Toute une série de verbes à sème humain ont pour sujet Rome (savait,
prêter l’appui, s’indignerait…), entraînant une personnification* de la
ville et du pouvoir souverains.
Conclusion : Rome semble la figure dominante de ce passage.

3.5 Rhétorique et figures de style

Nicomède utilise un raisonnement par déduction*. Rome n’aime pas


les rois (v. 10-11) ; or vous êtes romain (12-14), donc vous ne devez pas
aimer une reine (v. 16-24). Le topos* de la comparaison vient étayer ce
raisonnement † : qu’est-ce qui l’emporte entre les mérites respectifs
d’une reine et de la fille d’un tribun, entre la situation des rois et celle
d’un citoyen romain ?
L’exorde* capte l’attention d’Attale par le paradoxe qu’il développe
par le biais de l’hypothétique et de la structure d’opposition (bien loin de
vous prêter l’appui) qui expriment une mise en garde à laquelle ne
s’attendait pas l’interlocuteur. La péroraison* sur quatre vers se présente
avec ses impératifs comme une exhortation. Mais mise en garde et
exhortation sont feintes : l’ironie que nous avons déjà vue à l’œuvre,
marque tout le discours qui est polyphonique*. Le discours est romain…

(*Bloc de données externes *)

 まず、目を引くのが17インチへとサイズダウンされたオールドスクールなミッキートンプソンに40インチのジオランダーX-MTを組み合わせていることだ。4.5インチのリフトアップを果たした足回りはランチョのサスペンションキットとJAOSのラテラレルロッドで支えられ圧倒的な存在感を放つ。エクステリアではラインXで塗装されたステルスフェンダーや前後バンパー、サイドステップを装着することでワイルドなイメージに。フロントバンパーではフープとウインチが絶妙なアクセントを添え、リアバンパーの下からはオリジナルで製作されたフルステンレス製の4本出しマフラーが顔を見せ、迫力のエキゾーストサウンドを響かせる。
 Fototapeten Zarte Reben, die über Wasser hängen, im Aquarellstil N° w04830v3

contrairement au sentiment profond de Nicomède. Rome est présente
dans la tirade par le biais de la dérivation* suffixale (Rome I Romain) et
impropre (nom : un Romain, v. 1 ; adjectif : Citoyen romain, v. 7).
Les hyperboles* sont nombreuses, par le biais des adjectifs et du haut
degré, comme nous l’avons vu plus haut : elles outrent à la fois l’honneur
lié à Rome et la honte liée à la royauté.

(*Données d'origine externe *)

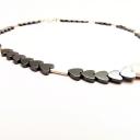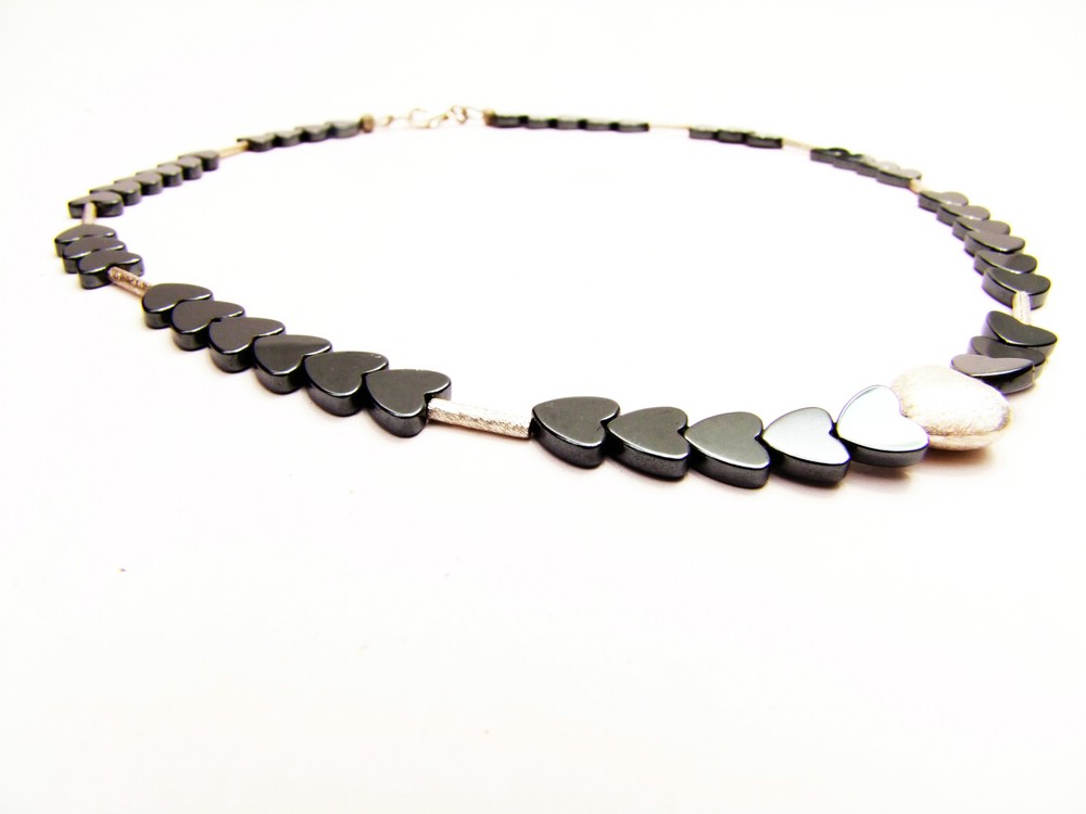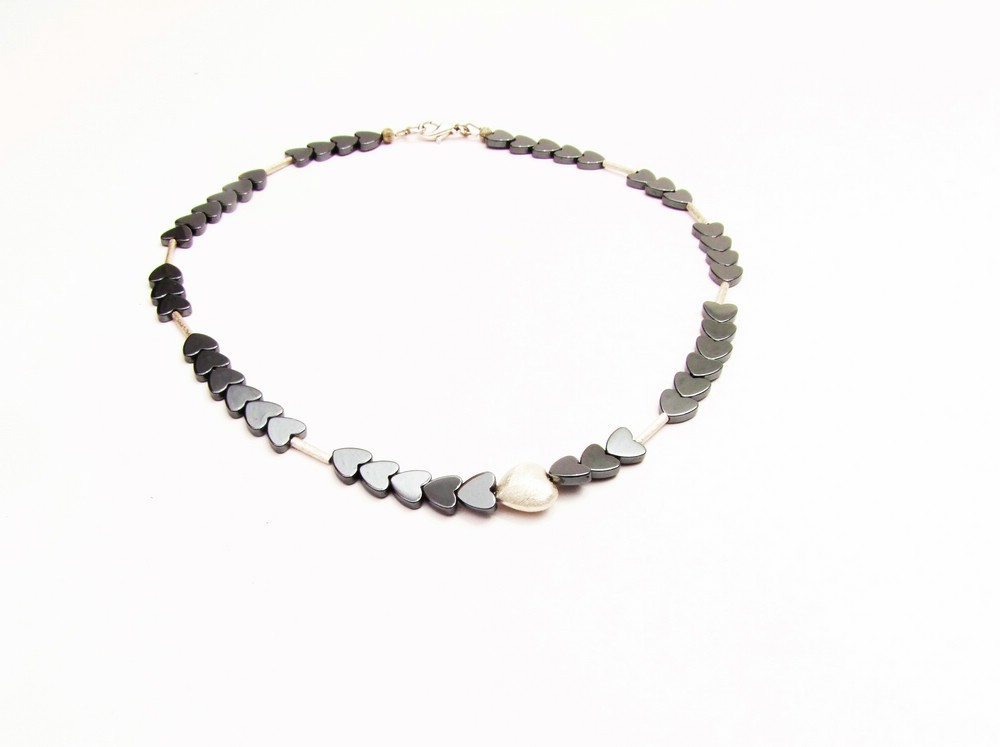 Die Kette ist mit Herzen aus Hämatit, Silberröhrchen und einem Silberherz geschmückt und strahlt Eleganz aus.

Conclusion : toute la subtilité du texte vient de ce que le discours de
Nicomède est entièrement ironique. Il y a discordance entre le sens
apparent – un raisonnement structuré visant à ramener Attale à la raison
–, et le sens réel et caché – un tissu de railleries. Nicomède n’espère pas
qu’Attale adhère à son raisonnement mais il met en lumière les
contradictions internes du personnage et il se donne le divertissement de
se moquer de lui. La ruse consiste à emprunter le point de vue de Rome
que ne peut critiquer le « Citoyen Romain » Attale, bien qu’il soit
parfaitement conscient de la teneur ironique du discours de Nicomède. Et
si ce dernier peut se permettre de faire semblant de déprécier Laodice,
c’est parce qu’il y a une connivence entre les deux personnages, comme
entre Nicomède et le public.
À la lumière de cette analyse, le commentaire stylistique pourrait être
organisé en deux parties (une structure en trois parties n’étant pas une
nécessité pour cet exercice), mettant en évidence l’ambiguïté du propos
de Nicomède :
I. Dans l’apparence, un discours romain
II. Dans la réalité, le discours ironique d’un « résistant ».